HOW TO COMPLETE THIS TASK: Output the full listing below exactly; the images stay out.

SUPPLIED MATERIAL:
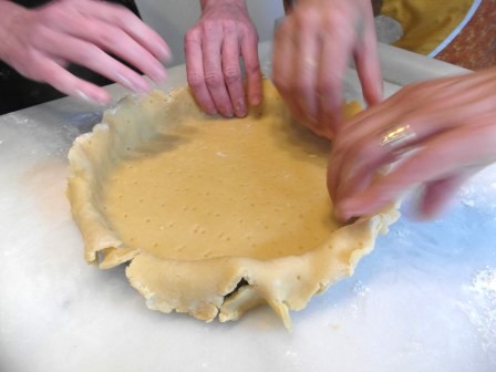 Estiramos la masa con un rodillo, procurando que no se rompa, hasta obtener un círculo mayor que el molde, que debe ser de 24 cm. de diámetro. Pasamos por encima un rodillo punteador, para que no suba.
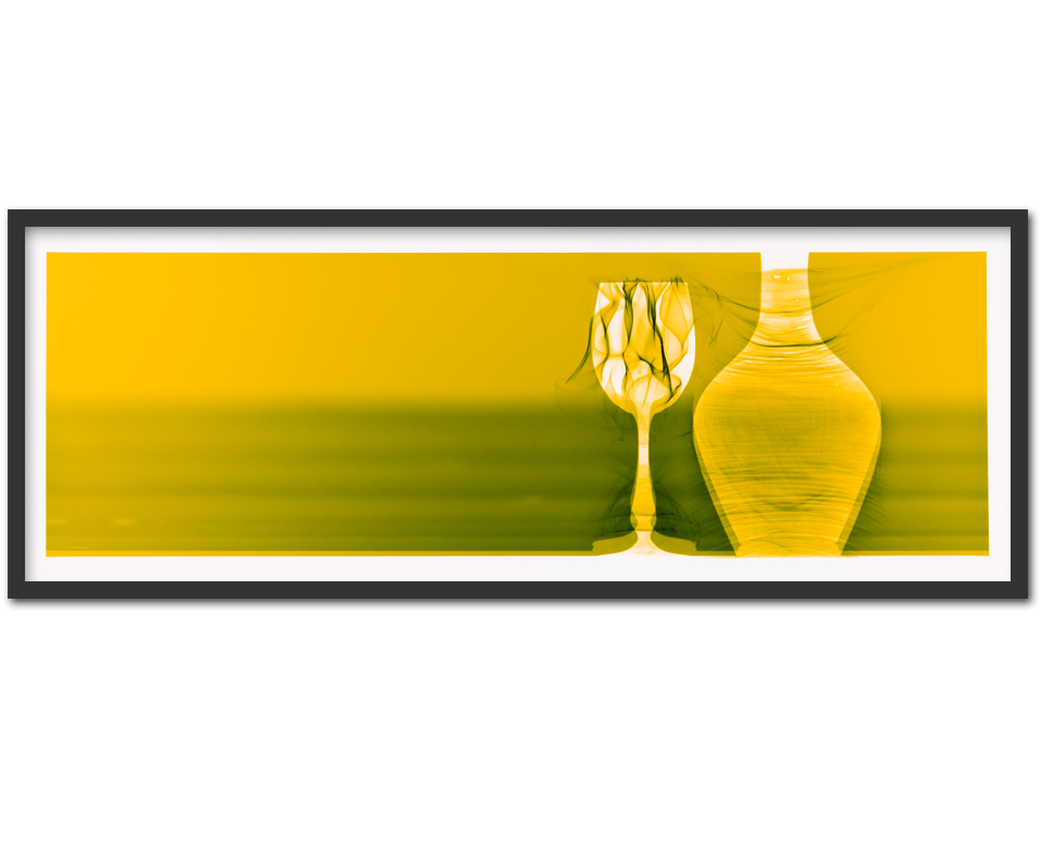 Unique photograms of Wachau wine <br><br> A photogram is a fixed shadow of a three-dimensional object on light-sensitive material, creating a unique picture without the use of film or a camera. The result is a negative image. After briefly being exposed to light and subsequently developed in photographic chemicals, the unexposed parts of the paper which are shielded by the subject matter remain white or lighter than the background. <br><br> The photogram technique is at least as old as the existence of photosensitive surfaces and is easily practised in the darkroom with black and white paper. To produce this series of wine photograms, it was not only necessary to work at night but also to specifically develop several black frame boxes to transport and house the paper during exposure. With careful and precise handling, archival colour photographic paper was employed, which is normally used to print enlargements from negatives or digital files.
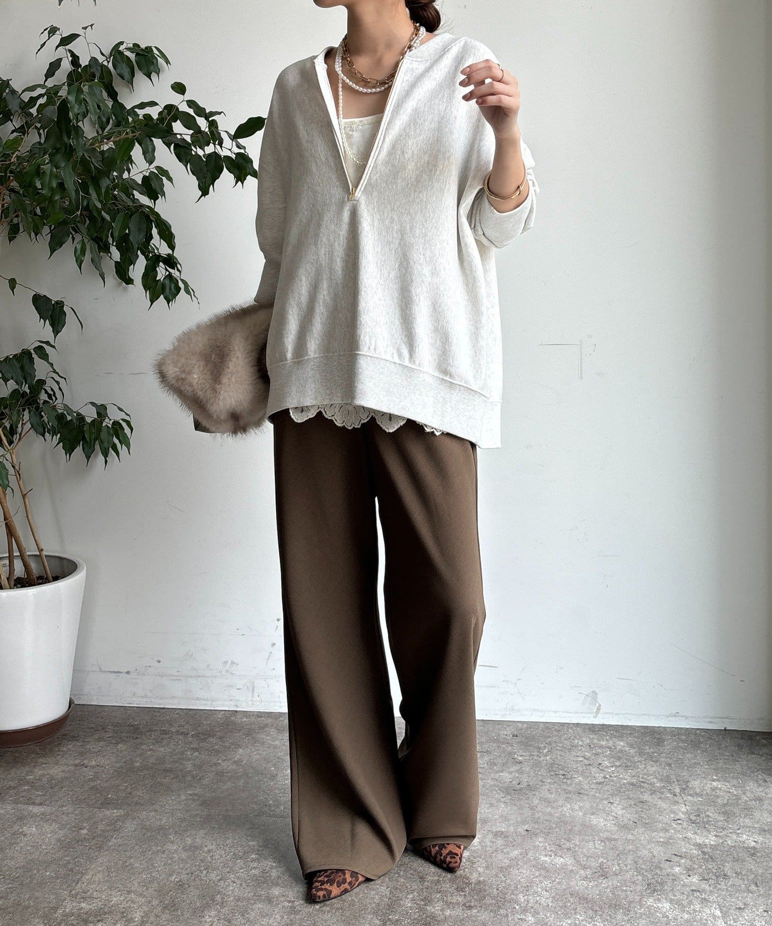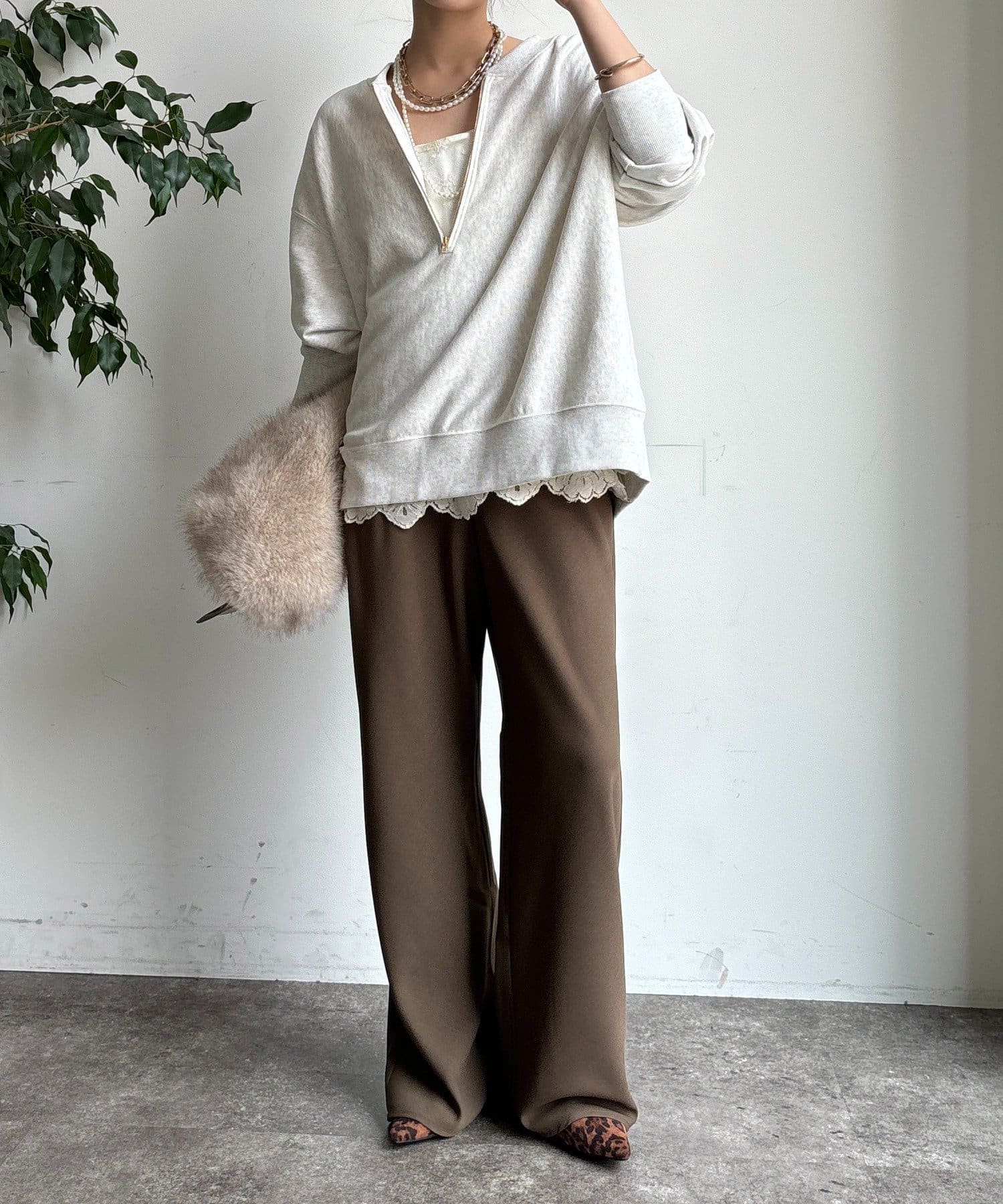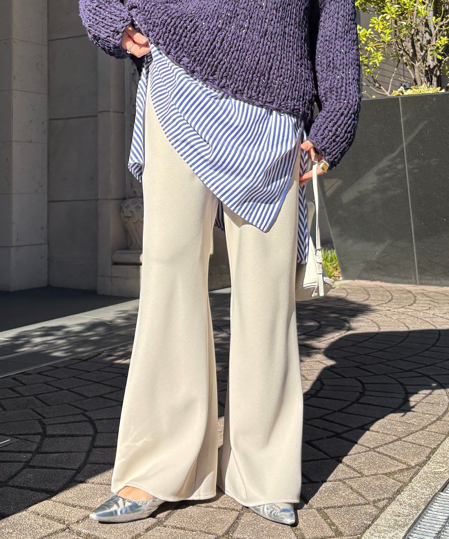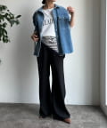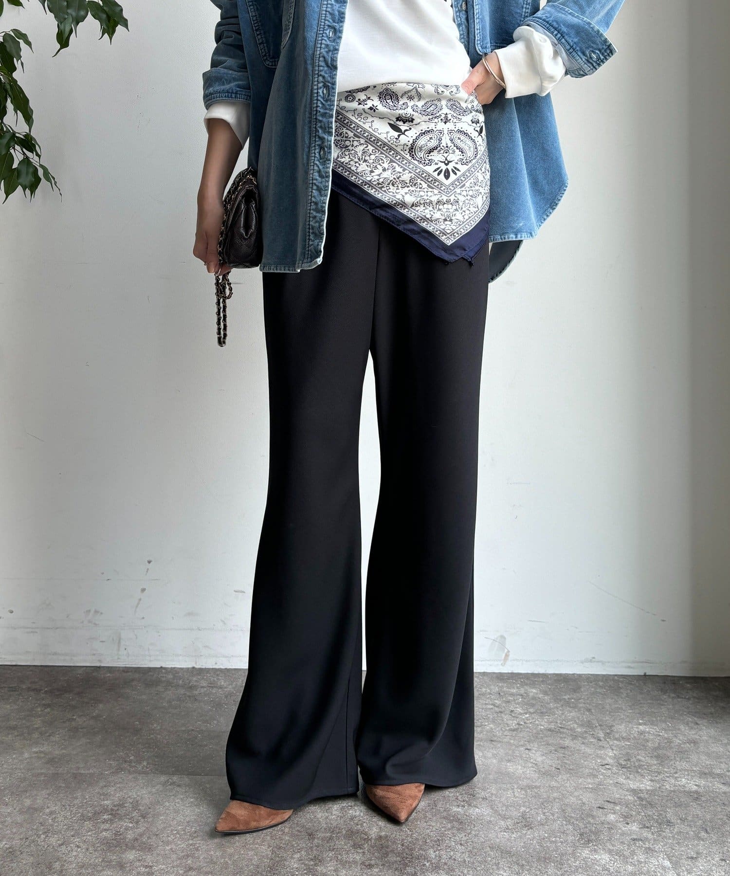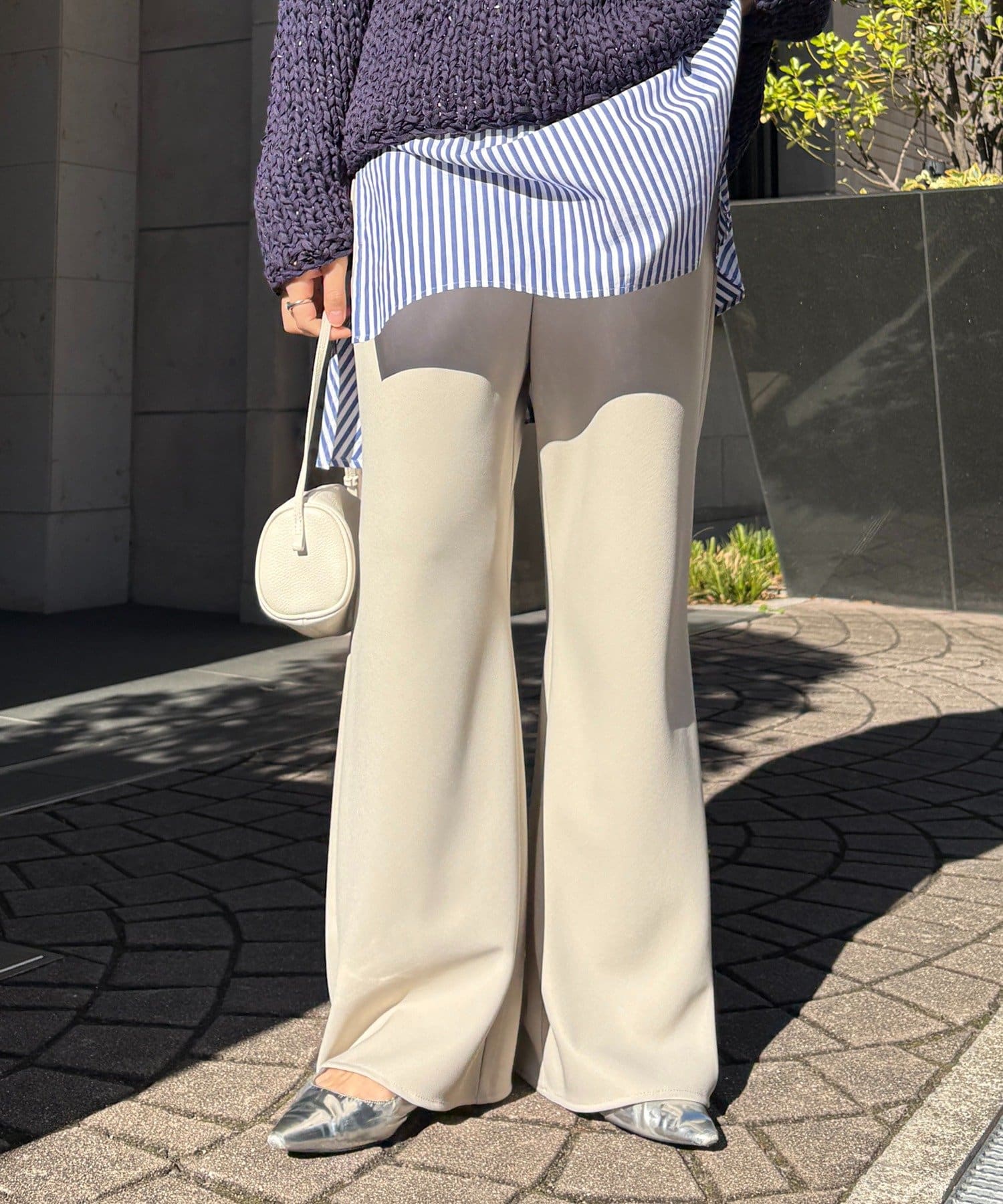 フレアに広がるシルエットで、細見えが叶うパンツ。

THE COMPLETED TASK:
 Estiramos la masa con un rodillo, procurando que no se rompa, hasta obtener un círculo mayor que el molde, que debe ser de 24 cm. de diámetro. Pasamos por encima un rodillo punteador, para que no suba.
 Unique photograms of Wachau wine <br><br> A photogram is a fixed shadow of a three-dimensional object on light-sensitive material, creating a unique picture without the use of film or a camera. The result is a negative image. After briefly being exposed to light and subsequently developed in photographic chemicals, the unexposed parts of the paper which are shielded by the subject matter remain white or lighter than the background. <br><br> The photogram technique is at least as old as the existence of photosensitive surfaces and is easily practised in the darkroom with black and white paper. To produce this series of wine photograms, it was not only necessary to work at night but also to specifically develop several black frame boxes to transport and house the paper during exposure. With careful and precise handling, archival colour photographic paper was employed, which is normally used to print enlargements from negatives or digital files.
 フレアに広がるシルエットで、細見えが叶うパンツ。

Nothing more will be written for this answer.